Existing on-site resources were highly valued and are being employed in the project in the following ways:
- three old buildings that had housed maintenance shops and provided food storage are being restored to meet Leadership in Energy and Environmental Design Platinum standards;
- two large greenhouses are being restored to provide community gardens and nurture native plants;
- old metal buildings were deconstructed and used elsewhere;
- old foundations and walls were ground up for road base or broken up for retaining walls;
- a dozen dying fir trees were cut to the largest possible dimension with a portable mill;
- a 350-gallon- (1,325-liter-) per-minute well is providing geothermal heating and cooling for all the commercial and mixed-use buildings and 80 homes; and
- solar access and prevailing breezes were carefully factored into the layout.

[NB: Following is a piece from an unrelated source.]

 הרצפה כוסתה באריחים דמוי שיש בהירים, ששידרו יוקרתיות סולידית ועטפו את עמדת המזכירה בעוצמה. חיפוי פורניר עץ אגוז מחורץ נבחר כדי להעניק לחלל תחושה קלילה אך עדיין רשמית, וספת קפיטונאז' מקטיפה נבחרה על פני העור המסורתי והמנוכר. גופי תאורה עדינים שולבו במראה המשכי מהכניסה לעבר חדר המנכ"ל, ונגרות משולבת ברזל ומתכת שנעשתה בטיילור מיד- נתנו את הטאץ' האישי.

“When we started this thing six years ago, sustainable development was still regarded by many as the province of environmental zealots,” notes local developer Tony Nielsen, master plan coordinator for both the original Fairview project and the new Pringle Creek Community. “But we quickly learned—from the Urban Land Institute, from people like John Knott and Jim Heid, from projects like Stapleton and Prairie Crossing—that consumers were beginning to demand much more from their neighborhoods and more from their homes.” But the question remained whether the Salem market— considerably more conservative than Portland’s—was ready for sustainable development.

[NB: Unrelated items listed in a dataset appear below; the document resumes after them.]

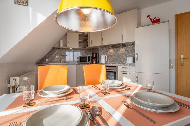 In der 1. Etage: (offene Küche(Kochplatte(4 Kochplatten, Ceranfeld), Wasserkocher, Toaster, Dunstabzugshaube, Kaffeemaschine, Backofen, Mikrowelle, Spülmaschine, Kühlschrank(+ Gefrierfach)), Wohn/Esszimmer(TV(Flatscreen, Satellit), Esstisch, Sitzecke), Schlafzimmer(Doppelbett), Schlafzimmer(Einzelbett, Einzelbett), Badezimmer(Dusche, Waschbecken, Toilette, Waschmaschine)) Balkon, Heizung, Gartenmöbel, Parkplatz, Handtücher/Bettwäsche (inklusive)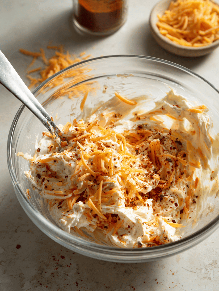 Step 1: Start with soft, room-temperature cream cheese so it’s easy to work with. Use a sturdy spoon or spatula to combine it with shredded cheddar, a pinch of garlic powder, and a dash of smoked paprika.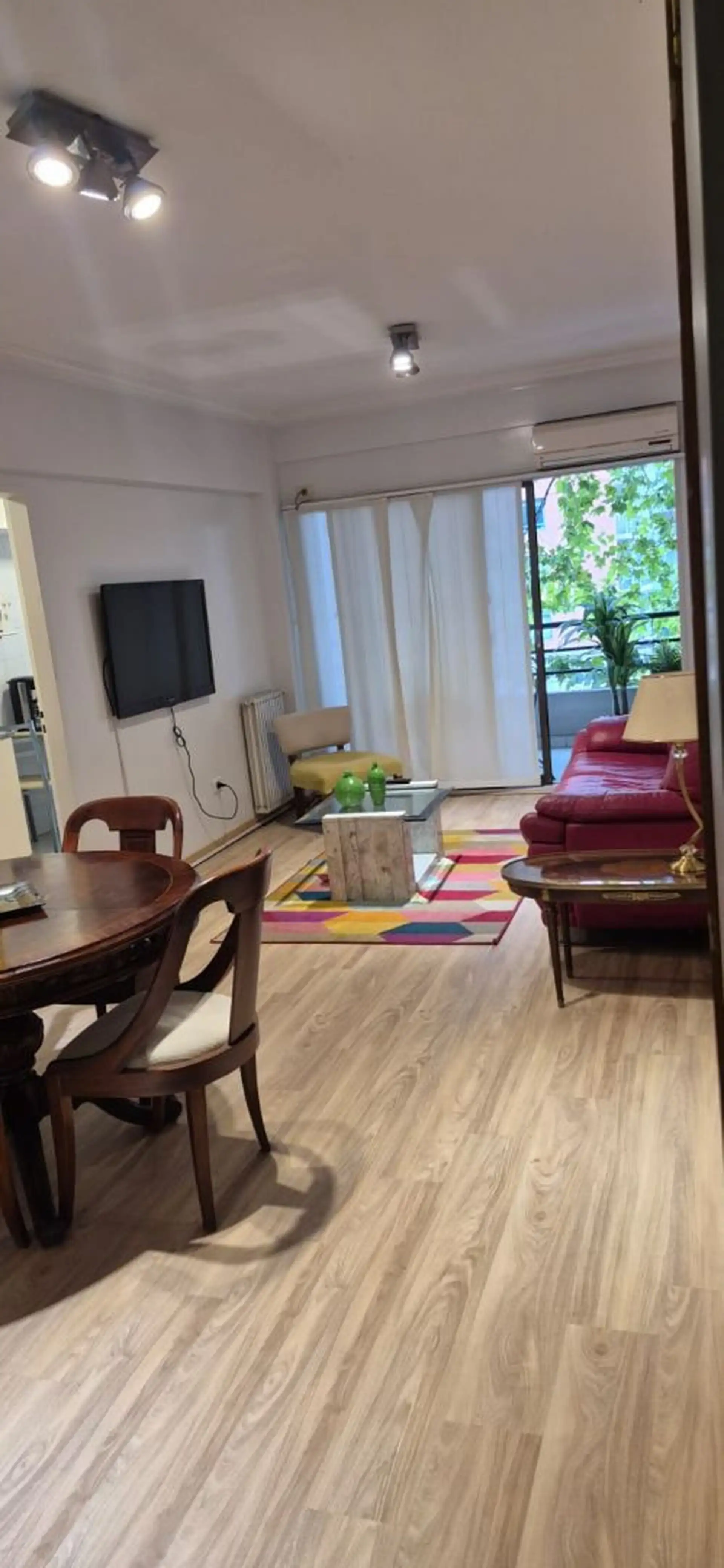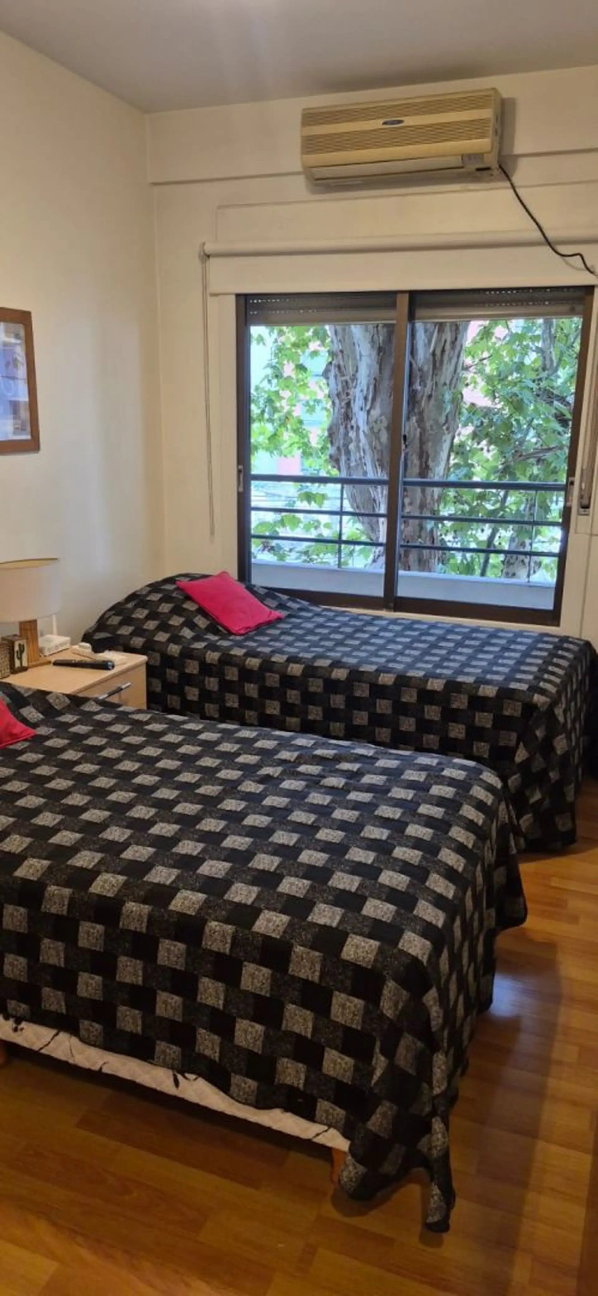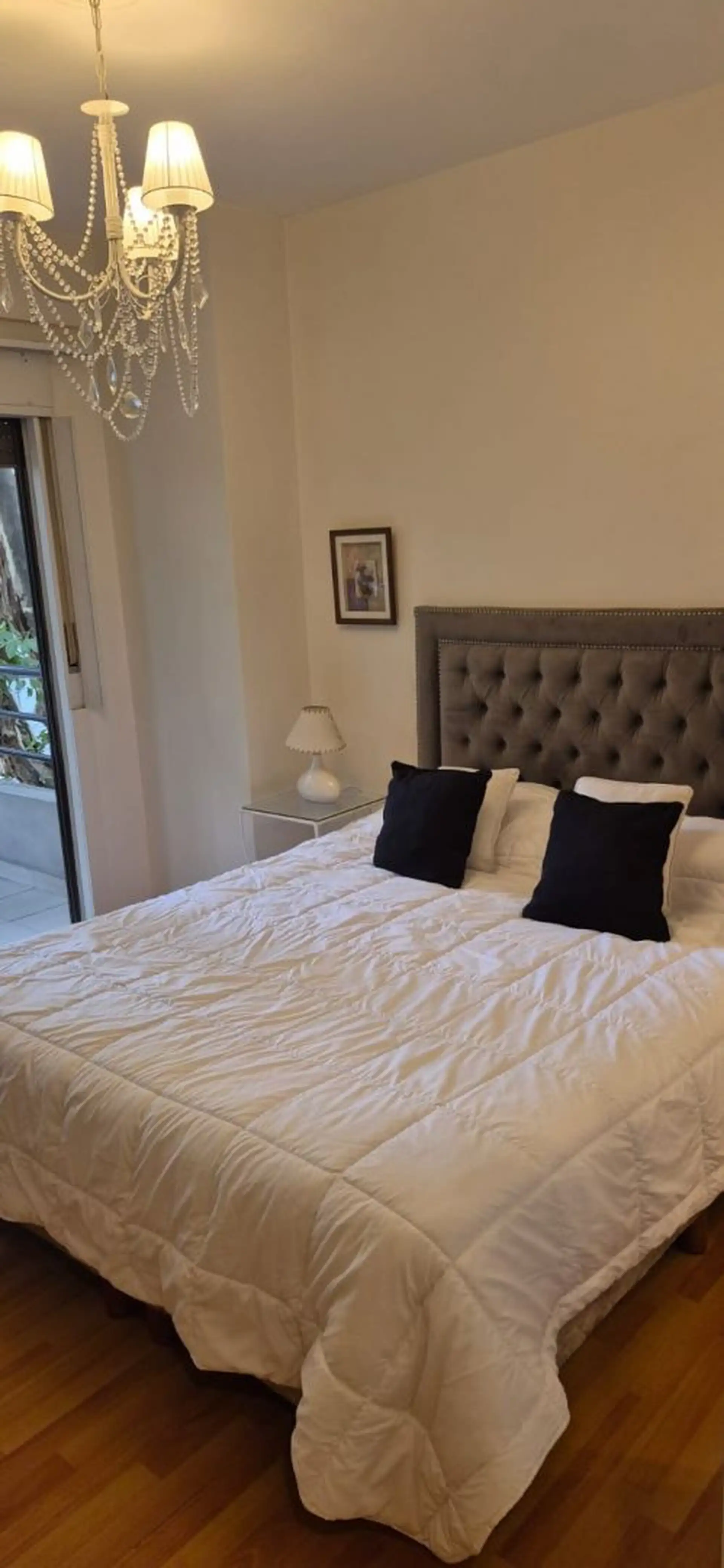 Apartamento de 3 ambientes com 90 m² em Palermo, em prédio a cerca de 300 metros de Lagos de Palermo e 200 metros da Embaixada dos EUA. A unidade fica no 1º ou no 2º andar e inclui living com sala de jantar, 2 dormitórios (1 suíte com closet), 2 banheiros, cozinha, lavanderia e sala de jantar diária, além de varanda-terraço de 11 m² e 1 vaga de garagem (cochera). O imóvel é mobiliado e equipado com roupa de cama e toalhas, louças para 4 pessoas, lava-roupas, micro-ondas, geladeira com congelador

The answer came on a warm afternoon last August when more than 700 people came out to see the site before a spade of dirt had been turned. They came to hear about the vision, to see the plans, and to become part of something new. Today, 11 model homes are under construction, work is about to begin on 20 custom homes, and sales have just started. “We’re in the path of growth, in every sense,” says Myers. “Salem is growing rapidly, south Salem is the designated location for growth during the coming decade, and Oregon has always been a leader in managed growth and now sustainable development. But more than any of these—sustainable development, green building, smart growth, new urbanism, whatever we call it—the market is demanding real communities.” UL
MICHAEL MEHAFFY is an author, researcher, and sustainable development consultant based in Portland, Oregon. He formerly was director of education for the Prince’s Foundation for the Built Environment in London, where he founded a professional education program in sustainable communities in partnership with the U.K. government and other major organizations.